- Elevation: 1,275 m (4,183 ft)
- Traversed by: Highway 99 (Duffey Lake Road)

Third Approach
- Location: British Columbia, Canada
- Range: Pacific Ranges
- Coordinates: 50°22′18″N 122°29′32″W﻿ / ﻿50.37167°N 122.49222°W
- Topo map: NTS 92J8 Duffey Lake

= Cayoosh Pass =

Mountain pass in British Columbia, Canada

Cayoosh Pass (1,275 m / 4,183 ft) is a mountain pass in the Lillooet Ranges of the Pacific Ranges of the southern Coast Mountains in British Columbia, Canada. It lies just west of Duffey Lake on BC Highway 99 between the towns of Lillooet and Pemberton, formed by the headwaters of Cayoosh Creek to the east, flowing to the Fraser River at Lillooet, and Joffre Creek to the west, flowing steeply downhill to Lillooet Lake just southeast of the Mount Currie Indian Reserve.
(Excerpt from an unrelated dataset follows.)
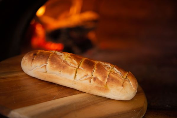 Woodfire roll of eight slices filled with garlic butter and parsley leaves

Cayoosh Pass and the valleys of Cayoosh and Joffre Creeks form the southern boundary of the Cayoosh Range, a subrange of the Lillooet Ranges. Long known to the St'at'imc and Lil'wat peoples whose territories include it, the pass was first traversed by a non-indigenous person when James Duffey, a.k.a. "Sapper Duffy" of the Royal Engineers, investigated the route in 1859–1860 during a resurvey and reconstruction of the Douglas Road, the route of which passed the Joffre Creek foot of the pass and followed the northern perimeter of the Cayoosh Range. Cayoosh Pass was reported by Sapper Duffey to be too steep for wagons and any thought of a road by that route was shelved until the later 20th Century. Newer engineering techniques in the 1970s saw a surge in logging road construction in the Pemberton area, which came over the summit of the pass into valleys south of Duffey Lake. Logging roads from the Lillooet side eventually linked up with the Pemberton-side roads by the late 1970s and this route was ultimately chosen for the extension of Highway 99 northwards from Pemberton, over the other available routes were one via Railroad Pass and the Hurley River, to the north of Pemberton, and another via Anderson and Seton Lakes, the route followed by the railway.